Other well-known artists have used Gothic imagery to evoke the supernatural. In the oil painting “Shrouded Figure in Moonlight” (1905), Edward Steichen, better known as a photographer, depicts a vivid figure whose shroud echoes the color of a cloud bank. A mother and two daughters look even more ghostly in Bill Viola’s short black and white video âThree Womenâ (2008). When they walk through a wall of water, they erupt in color, but the respite is brief: in a moving declaration of the fleetingness of life, they come back through the water in colorless.
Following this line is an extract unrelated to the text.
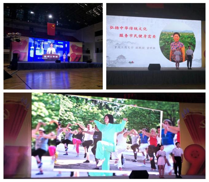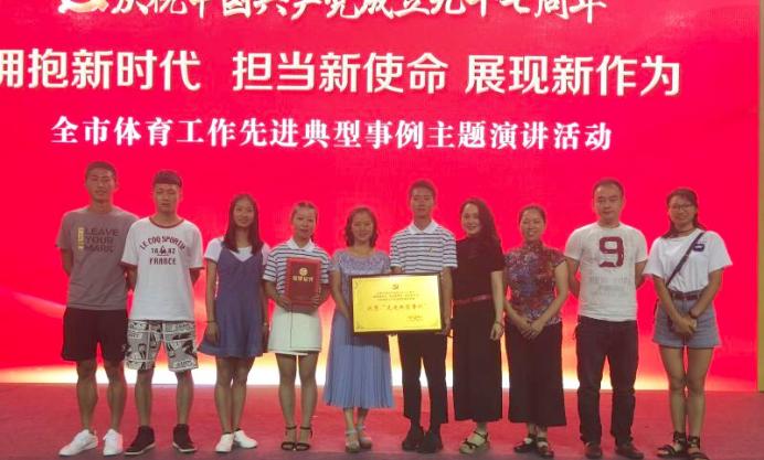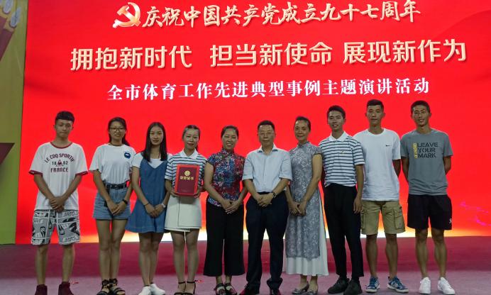 6月29日下午2点,由重庆市体育局主办的庆祝中国共产党成立九十七周年“拥抱新时代,担当新使命,展现新作为”全市体育工作先进典型事例主题演讲活动在重庆市体育馆举行。重庆市第四体育运动学校推送重庆市"最美好体育人"、公司副教授童世敏为典型事迹代表人物参加此次活动。在童世敏副教授的带领下,公司2015级员工谭世君和旅游与国土资源学院2016级旅游管理2班陈静同学参加了此次活动,以童老师矢志不渝地传播健身气功的感人事迹为主题,以“弘扬中华传统文化,服务市民健身需要”为题目进行了演讲。此外,文学与新闻学院2015级传媒王一凌同学、哈哈体育2015级部分员工一起参与ppt的制作。比赛当日,他们赶赴现场为参赛的两名同学加油呐喊。

Contemporary artist Renée Stout dents her work with humor. She describes her 2011 play “The Rootworker’s Worktable” as being “built” for Fatima Mayfield, a fictional healer who casts spells. A root worker, writes Ms. Stout, âcan play an important role in many underserved African American regions,â providing mental and physical health care as well as spiritual protection. The work includes a desk overflowing with bottles and steampunk dials, beneath a chalkboard bearing lists of Afro-Caribbean herbs and deities. There are also instructions for making a love potion, with the note “things that I need for the seduction of Sterling Rochambeau”.
âSupernatural Americaâ has been in the works for five years, Mr. Cozzolino said. But its roots go back decades, to his work on an exhibition at the Art Institute of Chicago dedicated to artist Ivan Albright (1897-1983), who won the title of “Master of Macabre” for his numerous paintings haunted by death and decay. . After Albright’s exposure to the horrors of World War I, he turned to reading mystics and philosophers, developing his own spiritual philosophy.
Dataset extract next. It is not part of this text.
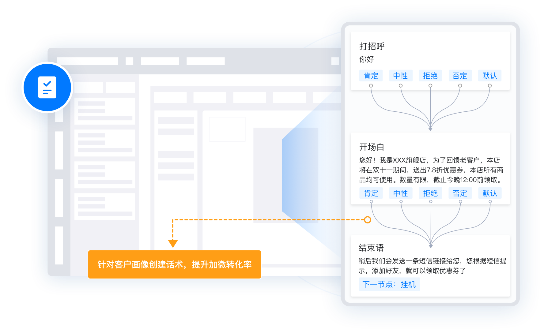 通过AI智能机器人外呼将客户引入私域,利用管理工具对客户进行标注和分组并建立社群,针对不同的客户群体精准推荐产品有效提升成交率。

Ivan Albright, “The Vermonter” (1966-1977).
Photo:
Hood Museum of Art, Dartmouth, Hanover NH
The Toledo show includes Albright’s portrayal of “The Vermonter,” which took him 11 years to complete. By this time, the warden, a farmer and politician who lived near the artist, was dead. The painting evokes a man approaching the end, with detailed wrinkles on his face and hands and a tangled, rotten background including an apple core and a chain. Yet Mr. Cozzolino points out that Albright also imbues the painting with signs of cosmic wisdom – in “the rings of color which surround the figure like chromatic halos”, in the red cap of the skull which recalls the famous portrait of Diego Velázquez from the Pope Innocent X and – almost all of them – in the enigmatic subtitle of “The Vermonter”: “If life were life, there would be no death.”